Keehan J's support for the local authority's decision as to the right course of action is unsurprising given the evidence before it.  It is however worth unpicking the conclusion that 'a care worker who causes or incites sexual activity by an individual for payment, with another person, commits a criminal offence, pursuant to ss. 39,42 and 53A of the Sexual Offences Act 2003'.  This part of what is a very short judgment conflates two separate offences under the SOA, s. 39 and s. 53A. They are however quite distinct.

Section 39 of the SOA makes it an offence to incite or cause an individual with a mental disorder to engage in sexual activity.   There is of course potential for a care worker to be guilty of an offence pursuant to section 39 where they arrange, and take P to have sex with a third party.  Whether such an offence would be engaged is going to be very fact-specific, depending (we suggest) upon the extent to which the care worker could be seen to be 'driving' the sexual activity, or providing support where a person themselves is seeking to initiate sexual activity with another.  Although not relevant on the facts of this case, we suggest that it is doubtful that a care worker facilitating a P who has capacity to consent to sexual relations, to take up a sexual relationship with their partner could be said to be committing an offence under section 39. This is because the care worker's actions would not be to incite or cause the sexual relationship, but to facilitate it.

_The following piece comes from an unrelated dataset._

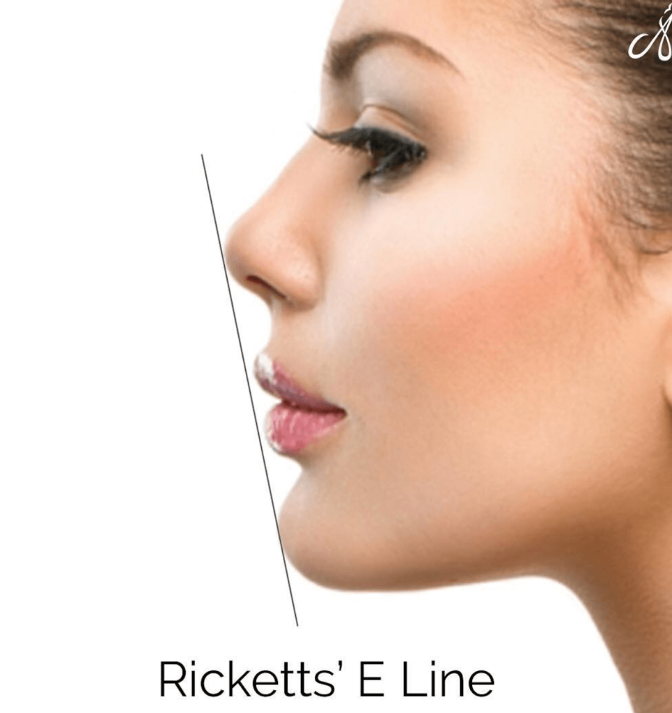 The E line is an imaginary line drawn from the nose tip to the chin. In the ideal face the upper and lower lips sit just behind the E Line, with the lower lip being fuller being closer.

Section 53A on the other hand is a strict liability offence (which applies world-wide).  Payment for sexual services is not per se illegal; however, the operation of s.53A means that a person (A) is guilty of an offence if he:

  • makes or promises a payment for the sexual services of a prostitute (person B)
  • where person C has engaged in exploitative conduct of a kind likely to induce or encourage B to provide the sexual services for which A has made or promised payment, and C engaged in that conduct for or in the expectation of gain for C or another person (apart from A or B) – in other words where person C has exploited B.
Mr AB was assessed as lacking capacity to manage his property and affairs. It is likely therefore that the care worker taking him to visit the sex worker would be the person making the payment to the sex worker. The first part of the offence is therefore likely to be made out (although this is not made explicit in the judgment).

As to whether the offence is completed will depend on whether the sex worker had been exploited. Thus, unless the care agency or local authority were able to investigate whether the sex worker they were engaging for Mr AB had been exploited by a third person, there remains a real risk that an offence would be being committed pursuant to section 53A. The judge may well therefore have been right to conclude that offences pursuant to section 53A would be committed on the facts of this case.

Whilst one can understand why Keehan J took the approach that he did, especially given the potential implications for the care workers, it is perhaps just worth remembering that:

  • It may be morally wrong, but it is not illegal (outside the scope of s.53A) to pay for sex. As has been said in another context, the onset (or here, the fact of) mental incapacity "is not an opportunity for moral correction" (Re Peter Jones [2014] EWCOP 59);
  • It is not immediately obvious how one filters questions of public policy through the best interests framework. Parker J, it should be noted, decided that she had to have recourse to the inherent jurisdiction in XCC v AA to discharge a pure public policy function arising out of P's circumstances (in that case, to grant a declaration of 'non-recognition' in relation to a marriage contracted overseas where P lacked capacity to enter into it).
[1] Nicola having been involved in the case, she has not contributed to this report.